**WHAT YOU SHOULD DO**: Your task is to transcribe all of the records exactly and leave out the pictures.

**RECORDS SUPPLIED**:
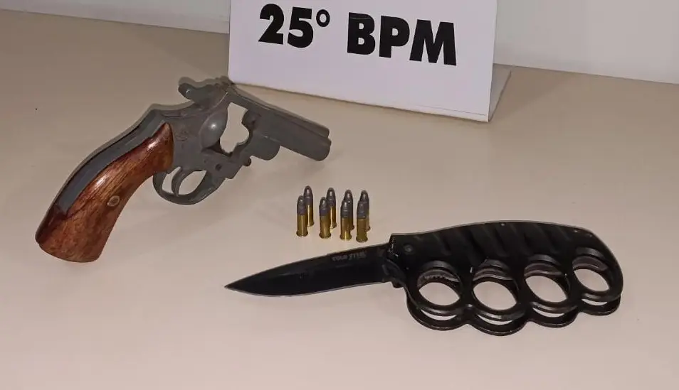 Com as características repassadas do suspeito, no momento da abordagem ele foi visto saindo pelos fundos dispensando a arma no terreno ao lado, os policiais o abordaram e localizaram o revólver calibre 22, além de oito munições intactas. Durante revista no interior do carro, foi encontrado um soco inglês com lâmina.
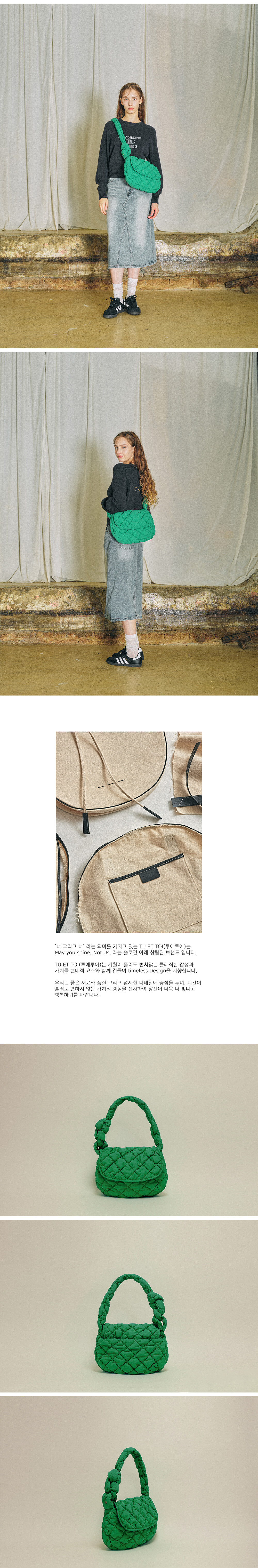 어깨끈을 고정하는 한쪽 고리에는, 투에투아의 시그니처 로고가 새겨져있는 황동리벳이 부착되어 있어, 투에투아의 아이덴티티를 분명하게 하였습니다.
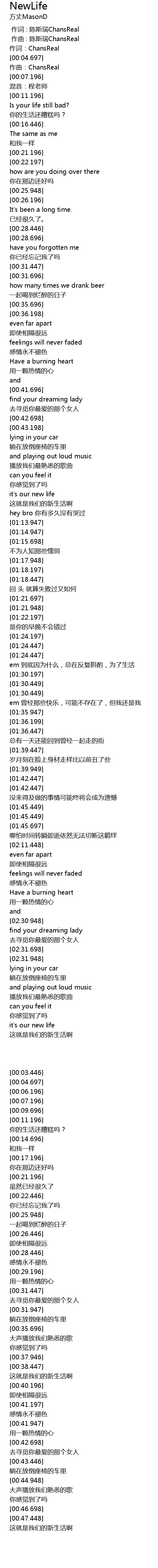 | [03:17.449] | zhe jiu shi wo men de xin sheng huo a |
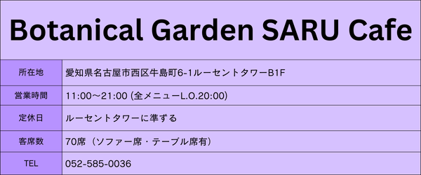 まず1つ目にご紹介するのは、名古屋ルーセントタワーの地下1Fにある「Botanical Garden SARU Cafe」です!
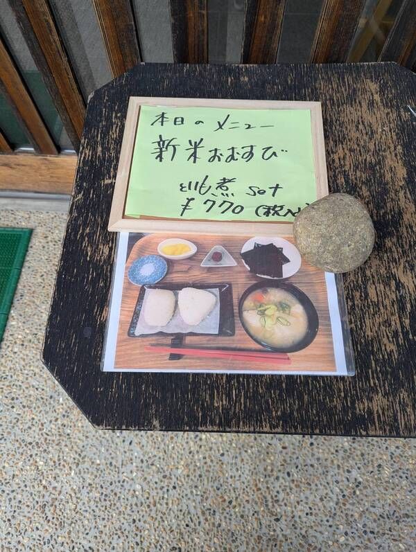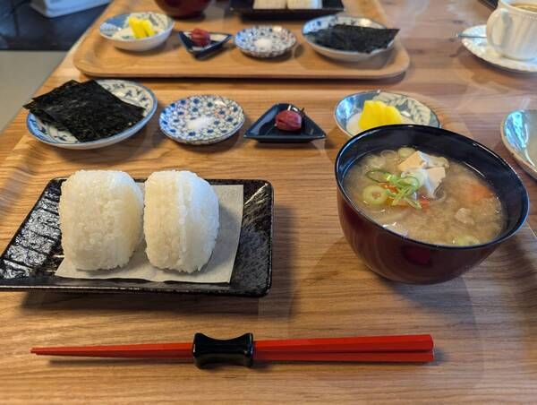 郡山市西田町産のとれたて新米のおむすびと、郡山産の新鮮野菜と

**EXERCISE ANSWER**:
 Com as características repassadas do suspeito, no momento da abordagem ele foi visto saindo pelos fundos dispensando a arma no terreno ao lado, os policiais o abordaram e localizaram o revólver calibre 22, além de oito munições intactas. Durante revista no interior do carro, foi encontrado um soco inglês com lâmina.
 어깨끈을 고정하는 한쪽 고리에는, 투에투아의 시그니처 로고가 새겨져있는 황동리벳이 부착되어 있어, 투에투아의 아이덴티티를 분명하게 하였습니다.
 | [03:17.449] | zhe jiu shi wo men de xin sheng huo a |
 まず1つ目にご紹介するのは、名古屋ルーセントタワーの地下1Fにある「Botanical Garden SARU Cafe」です!
 郡山市西田町産のとれたて新米のおむすびと、郡山産の新鮮野菜と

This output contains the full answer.